… is from Paul Krugman’s brilliant 1996 essay “Ricardo’s Difficult Idea” (links added; citation omitted):
Modern intellectuals are supposed to be daring innovators, not respecters of tradition. As any publisher will tell you, books about startling new scientific discoveries always sell better than books about known areas of science, even though the things science already knows are in many ways stranger than any of the speculations in the latest cosmological best-seller. Old ideas are viewed as boring, even if few people have heard of them; new ideas, even if they are probably wrong and not terribly important, are far more attractive….

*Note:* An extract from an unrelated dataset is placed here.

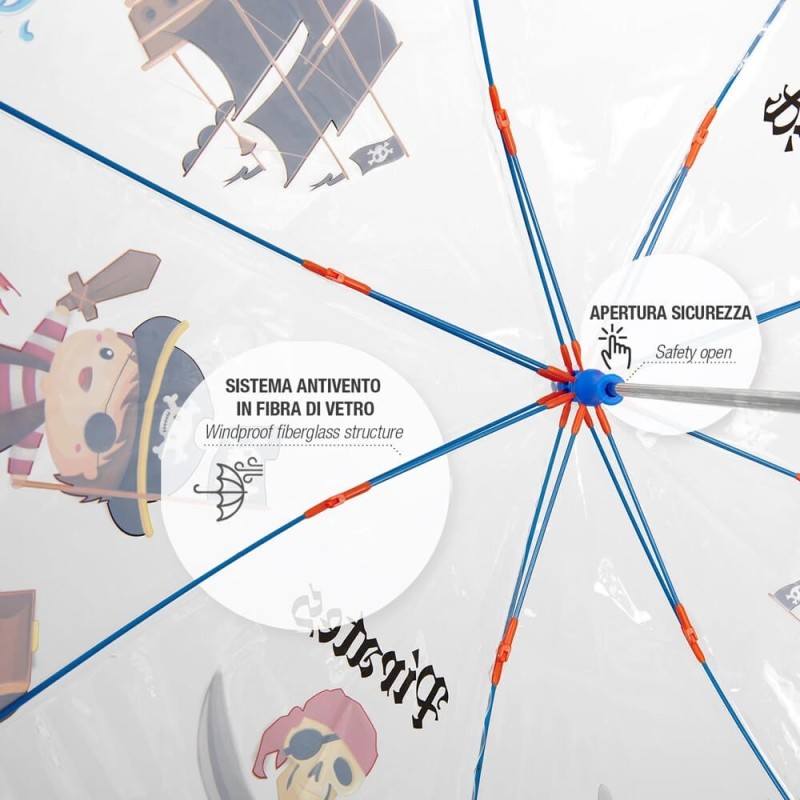 Przezroczysta, bezpieczna, wytrzymała parasolka dziecięca włoskiej firmy PERLETTI.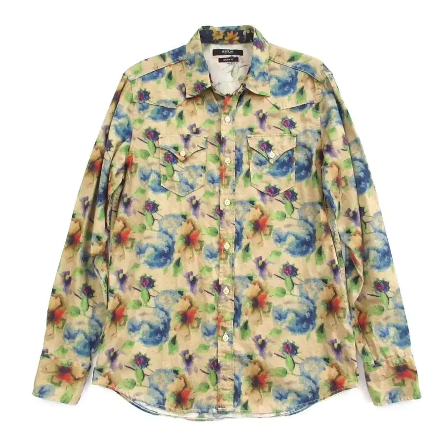 [ REPLAY ] 리플레이 플라워 프린트 코튼 웨스턴 셔츠 0247

The same principle applies to international economics. Comparative advantage is an old idea; intellectuals who want to read about international trade want to hear radical new ideas, not boring old doctrines, even if they are quite blurry about what those doctrines actually say. Robert Reich, now Secretary of Labor, understood this point perfectly when he wrote an essay for Foreign Affairs entitled “Beyond free trade”. The article received wide attention, even though it was fairly unclear exactly how Reich proposed to go beyond free trade (there is a certain similarity between Reich and Gould in this respect: they make a great show of offering new ideas, but it is quite hard to pin down just what those new ideas really are). The great selling point was, clearly, the article’s title: free trade is old hat, it is something we must go beyond. In this sort of intellectual environment, it is quite hard to get anyone other than an economics student to sit still for an explanation of the concept of comparative advantage. Just imagine trying to tell an ambitious, energetic, forward-looking intellectual who is interested in economics – William Jefferson Clinton comes to mind – that before he can start talking knowledgeably about globalization and the information economy he must wrap his mind around a difficult concept that was devised by a frock-coated banker 180 years ago!